Ants use a genetic trick to sharpen their sense of smell

Ants live in a world built on scent. Pheromones direct them to food, alert them to danger, and keep colony life in rhythm. This communication depends on a precise rule: one receptor, one neuron.

Each ant’s genome carries hundreds of odorant receptor genes, each tuned to a different chemical. If neurons expressed more than one receptor, the brain would receive scrambled signals, destroying the insect’s sharp sense of smell.

Solving the ant mystery

Researchers studying the clonal raider ant have uncovered how each neuron selects just one receptor from hundreds. Their findings, published in the journal Current Biology, solve a long-standing mystery of ant communication.

“We’re describing a new form of gene regulation,” said Daniel Kronauer, head of the Laboratory of Social Evolution and Behavior at The Rockefeller University.

“Our results demonstrate the importance of studying less conventional model species. We were able to discover new, fundamental molecular phenomena in clonal raider ants that we could not have seen in fruit flies.”

One receptor identity

The researchers noted that a central rule of smell is that every neuron must carry its own molecular signature.

“It’s a kind of dogma in the field of sensory neuroscience,” said Giacomo Glotzer, a graduate student in the Kronauer lab. “Each sensory neuron typically expresses one receptor – and that gives it its identity.”

Fruit flies manage this puzzle with molecular switches that turn single genes on or off. Mammals use a looser method, randomly reshuffling chromatin until only one receptor gene remains available. Until now, it was unclear which path ants followed.

Ant smell is complex

Ants require a far more complex way to manage their sense of smell. Unlike fruit flies, which rely on just 60 odorant receptors, ants have several hundred.

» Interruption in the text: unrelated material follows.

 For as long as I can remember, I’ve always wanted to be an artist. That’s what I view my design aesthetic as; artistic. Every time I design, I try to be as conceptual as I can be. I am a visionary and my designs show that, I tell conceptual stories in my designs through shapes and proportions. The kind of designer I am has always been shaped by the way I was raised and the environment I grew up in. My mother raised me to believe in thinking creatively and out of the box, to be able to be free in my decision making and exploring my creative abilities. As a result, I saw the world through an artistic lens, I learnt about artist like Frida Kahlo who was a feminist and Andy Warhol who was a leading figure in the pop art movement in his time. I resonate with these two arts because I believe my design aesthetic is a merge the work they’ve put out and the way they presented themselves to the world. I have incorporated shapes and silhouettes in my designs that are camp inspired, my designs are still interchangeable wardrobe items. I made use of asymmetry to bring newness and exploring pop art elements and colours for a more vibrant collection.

These receptors are often grouped together in tight clusters of nearly identical genes.

Such an arrangement increases the risk of multiple receptors turning on accidentally, which could cause confusion in how ants process scent signals.

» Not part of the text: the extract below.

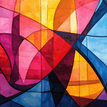 Abstract composition with vibrant overlapping color fields. Technique: Digital painting, influenced by Wassily Kandinsky and Sonia Delaunay Artist&#...[+]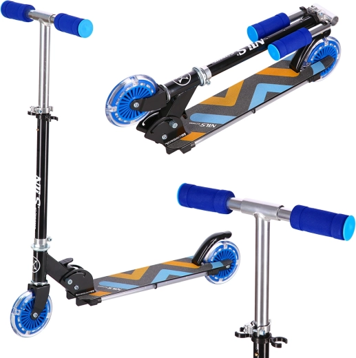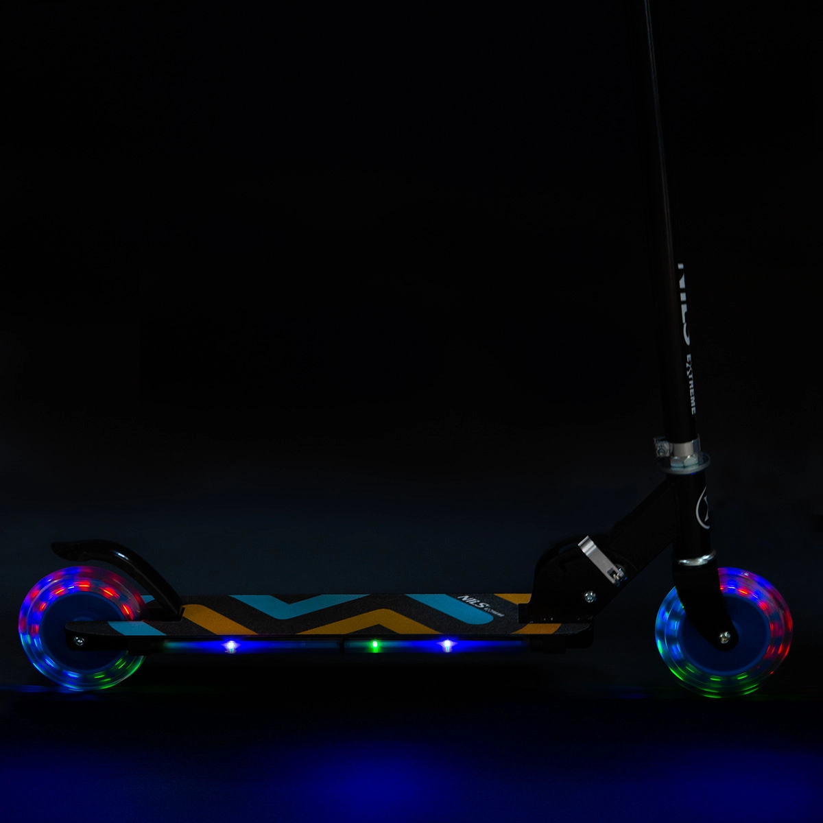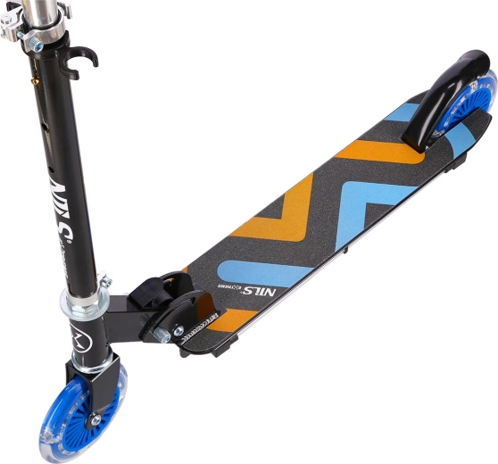 La trottinette NILS Extreme HD025 allie design moderne, légèreté et sécurité. La construction acier-aluminium est à la fois solide et légère, ce qui rend la trottinette facile à transporter et à ranger. Les roues LED et les flancs éclairés du marchepied améliorent la visibilité au crépuscule et ajoutent un effet attrayant que les enfants adorent.

Because of this crowded genetic layout, ants cannot depend on the simpler strategies that work for fruit flies. Instead, they must employ a more sophisticated system to keep each neuron linked to only one specific receptor.

A deeper investigation

Building on earlier work, the team dissected ant antennae and mapped gene activity using RNA sequencing and localization tools. They discovered that when an ant neuron activates its chosen receptor, RNA polymerase does not stop at the gene’s boundary.

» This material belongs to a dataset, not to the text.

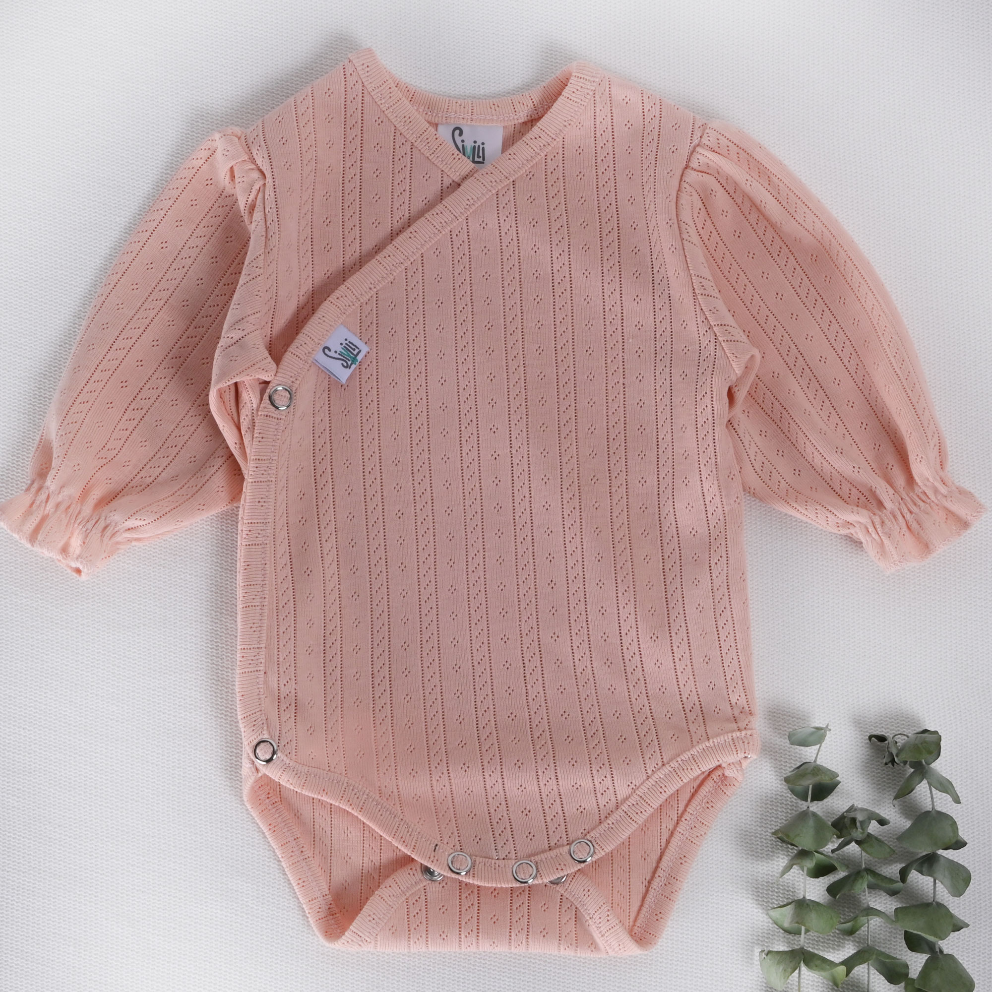 Otroški bodi na preklop za punčko v nežni marelični barvi združuje udobje, eleganco in funkcionalnost za prve mesece življenja. Subtilen vzorček v tkanini daje bodiju prefinjen in brezčasen videz, nabrani rokavčki pa dodajo nežen, romantičen poudarek.

Instead, it reads through into downstream genes, producing transcripts that remain locked in the nucleus. These nonfunctional transcripts appear to silence neighboring genes.

At the same time, the neuron generates antisense RNAs upstream, acting as roadblocks to prevent unwanted activation. Together, these mechanisms create a protective shield around the chosen receptor.

How ants protect smell

“When we took the mechanism apart and dissected it into its constituent parts, we found that this strategy serves to silence the local genomic environment, giving that cell its singular receptor identity,” said Parviz Daniel Hejazi Pastor, a biomedical fellow in the Kronauer lab.

“Our findings center around transcriptional interference – that the neuron chooses one receptor by preventing the true transcription of other receptors both upstream and downstream.”

Shared across species

The researchers confirmed the same mechanism in the Indian jumping ant and the honeybee. This suggests transcriptional interference may be widespread among insects with large families of olfactory receptors.

“This mechanism may be even more broadly distributed than we thought, particularly among insect species with large repertoires of olfactory receptor genes” noted Kronauer. “It’s even possible that fruit flies are the odd ones out.”

Ants smell and evolution

The discovery reveals more than insect smell. By showing how genes can silence both upstream and downstream neighbors, the work outlines how genomes may control large families of similar genes.

It also offers clues to how ants rapidly expand their sensory toolkit. New receptor genes could be added without requiring fresh regulatory machinery, allowing ants to adapt more quickly to new environments. This adaptability may explain their evolutionary success, helping them survive in diverse habitats.

The findings also suggest similar genetic strategies could shape other organisms, offering a broader understanding of how complexity evolves in living systems over time.

“Once you have the system in place like this, you can allow it to become more complex without disrupting anything,” said Kronauer. “We speculate that this kind of gene regulatory system contributes to allowing the ants to evolve new olfactory receptors so quickly.”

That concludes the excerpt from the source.